My Dad was always a parade guy. He loved this country, fought for it. He counted every day as a gift after seeing death as a 20 year old, navigating daylight missions from England to Germany. He saw bombadiers jump out of planes, forgetting to reattach parachutes that the cramped quarters impeded. Watched planes draw fire, crash and burn. Saw B-17s fall out of the sky. Spent time waiting for other planes to return to the pop-up base in rural Britain. Many didn't.
So Memorial Day was a chance to pay homage to those who gave the ultimate sacrifice. He loved to wave a flag, say a prayer and then hunker down to a holiday barbecue. Honor and remembrance, followed by a celebration of his good fortune in returning home to a wonderful life.
This Memorial Day I will be joining most of my family at West Point for the graduation of my nephew, Andrew Joliat. Both of his Grandfathers logged time in the war, and both Grandfathers doubtless prayed that their sons and grandsons would grow up free from the harsh realities they dodged.
The world does not seem to be cooperating. Andrew was mindful of their service when he applied to the Military Academy his senior year. The photo atop this post is Andrew receiving the flag from Dad's casket. Taps resonated as the flag and the duty passed to a new generation. It was a moment.

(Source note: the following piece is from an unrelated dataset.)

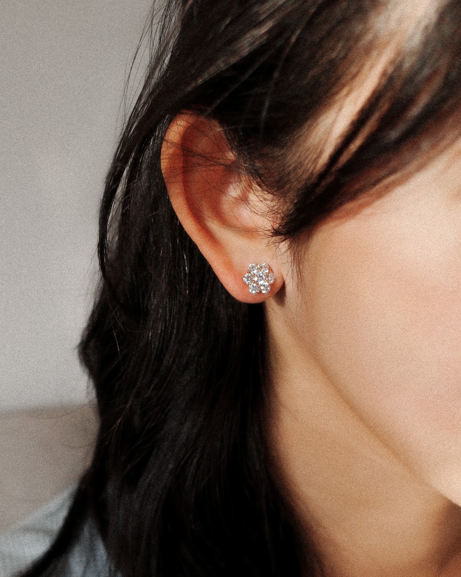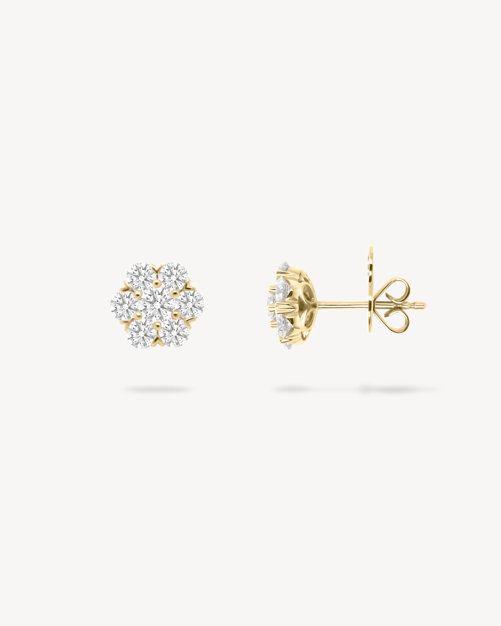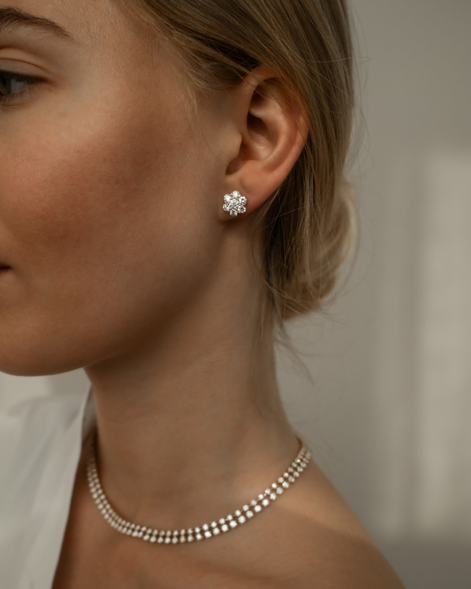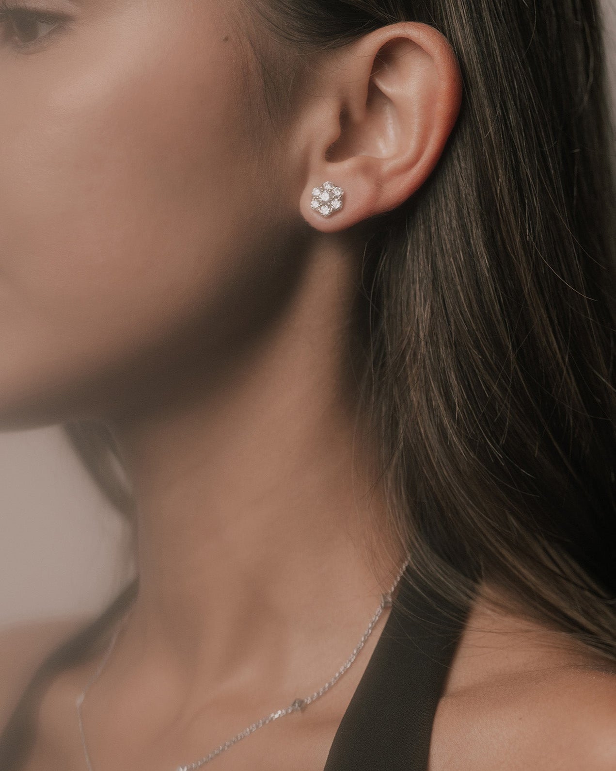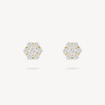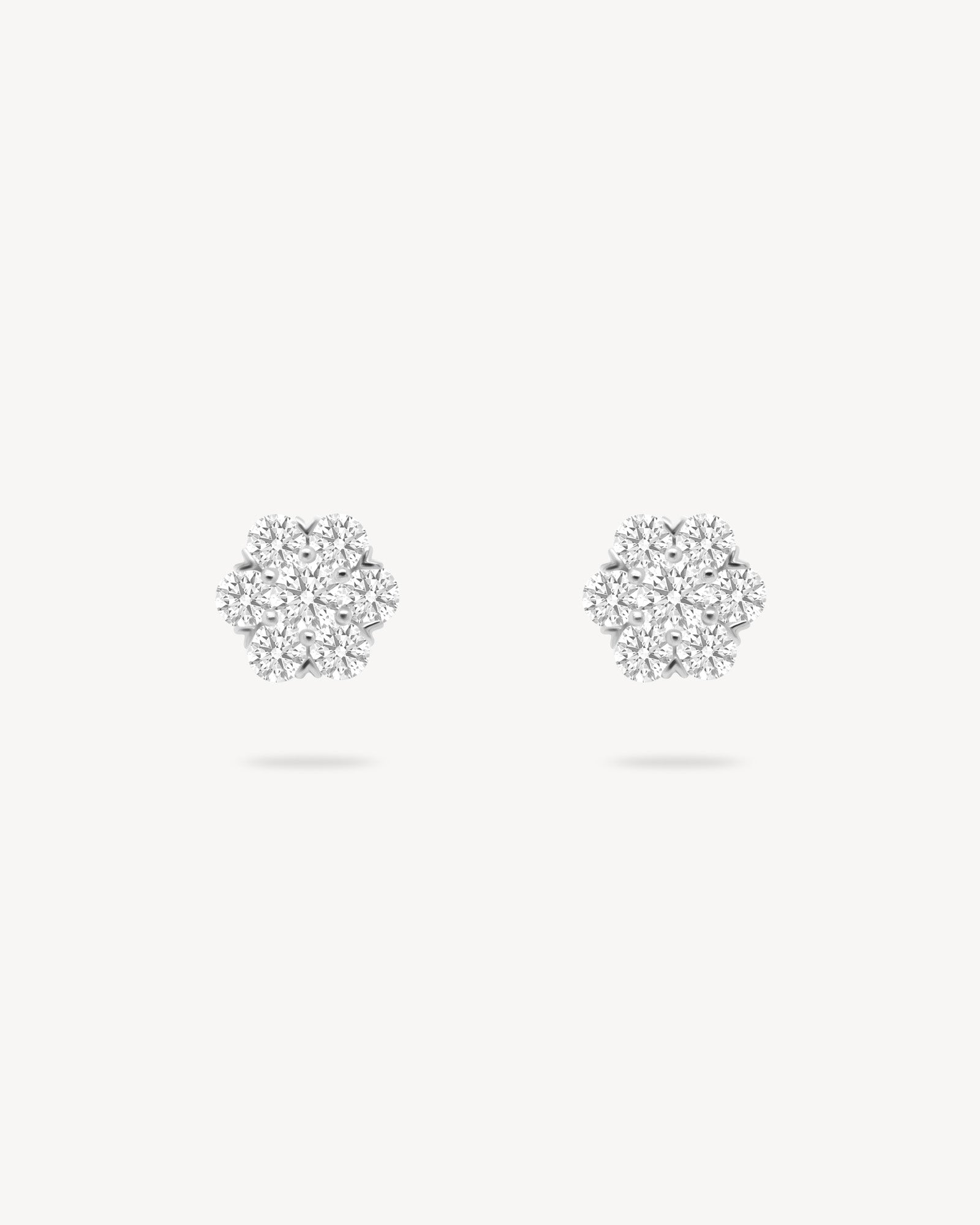 Seven Round diamonds form a compact floral cluster that sits snugly on the ear. Simple, striking, and full of sparkle. A delicate statement on their own, or pair them with the matching necklace for a coordinated look that’s clean, bright, and beautifully put-together.

The four years have melted away.( though not for Andrew, I expect.) He is so young in that picture; now he is burnished by hours of academics and physical challenges. The Academy took a boy and made a man. He studied engineering, and will specialize in heavy artillery. Lucky boy- he is stationed in Hawaii. Who knows where else his 5 years will take him? Who can predict what he will see and do? How he will change? But if the Academy deems he is ready, he is ready. Myself, I cannot believe this little mischief maker has toed the line. when he was 7, he played the ponies on a family cruise and won a few hundred bucks. The disqualification due to his age about killed him.
Andrew is right in front in this picture, leading his Company. This was the alumni parade, part of the early festivities for the immediate family. Tomorrow is the final march- an amazing bookend to the first march the plebes made 47 months ago. Now they will break away, leaving the academic for the real world. I'm sure you can imagine the swirl of pride and worry the parents had four years ago, and will have again tomorrow.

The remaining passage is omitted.